Juvenile myasthenia gravis

The symptoms of myasthenia gravis (MG), an autoimmune neuromuscular disease that causes muscle weakness and fatigue, can emerge at any age. When the rare disorder affects children and teens, it is called juvenile myasthenia gravis.

Like other types of MG, juvenile MG occurs when the immune system mistakenly disrupts communication between muscles and nerves, leading to weakness in various muscle groups that worsens with activity and improves with rest.

In the U.S., MG in children accounts for approximately 10% to 15% of all MG cases. This proportion is much higher in other regions, particularly in Asia, where as many as half of cases may affect children younger than 18. Girls are generally more likely to develop juvenile MG than boys.

Early diagnosis and appropriate pediatric MG treatments can help manage symptoms and improve quality of life for children and young adults living with MG.

Causes

Juvenile MG occurs when the body produces antibodies that target proteins involved in nerve-muscle communication.
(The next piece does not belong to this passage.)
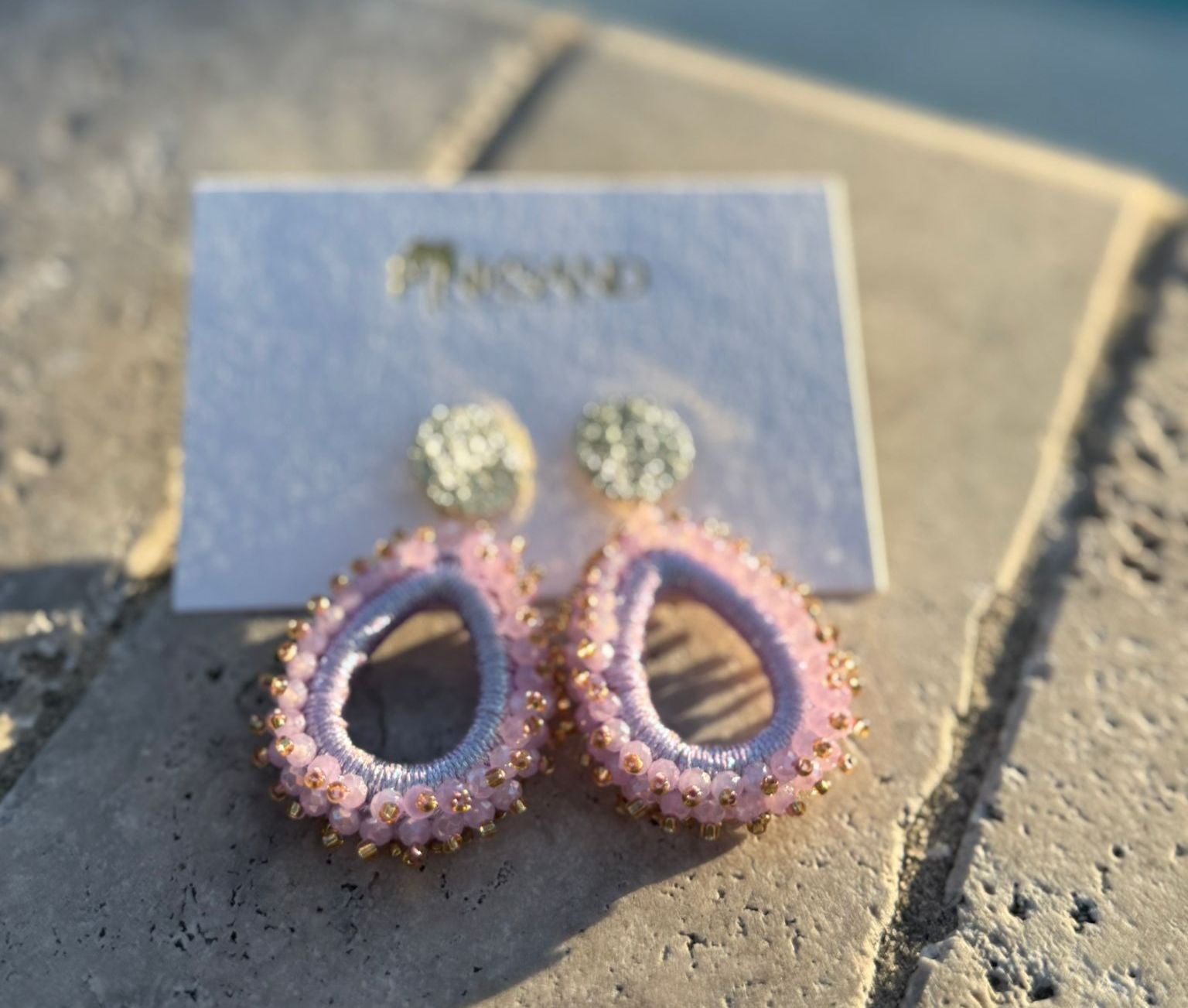 Step into a world of tropical elegance with the Tropic Allure Earrings. These delicate teardrop-shaped earrings feature a soft lavender woven center, bordered by shimmering pink beads that catch the light beautifully. The earrings are topped with a gold-tone glitter disc, adding a touch of glamour and creating a look that's both refreshing and chic. Perfect for adding a splash of color and sophistication to any outfit, these earrings are your ideal accessory for warm, breezy evenings and daytime adventures alike.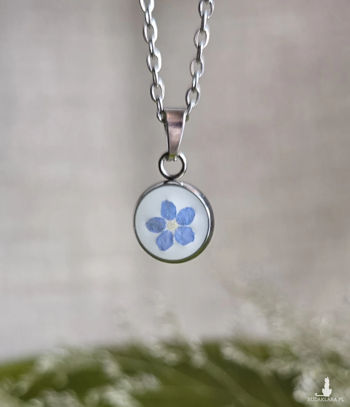 Oferuję Państwu unikalną biżuterię. Zawieszka jest wykonana z suszonych kwiatów i żywicy epoksydowej. Biżuteria jest wspaniałym i oryginalnym prezentem na lata.

That, in turn, causes muscle weakness and fatigue.

Most children with juvenile MG have antibodies that target the acetylcholine receptor (AChR) protein, which enables muscle cells to receive signals from nerve cells. As with adult MG, other types of antibodies can also less commonly cause the disease, including those targeting a protein called muscle-specific kinase (MuSK). Some children may also be seronegative, meaning they test negative for common disease-causing antibodies.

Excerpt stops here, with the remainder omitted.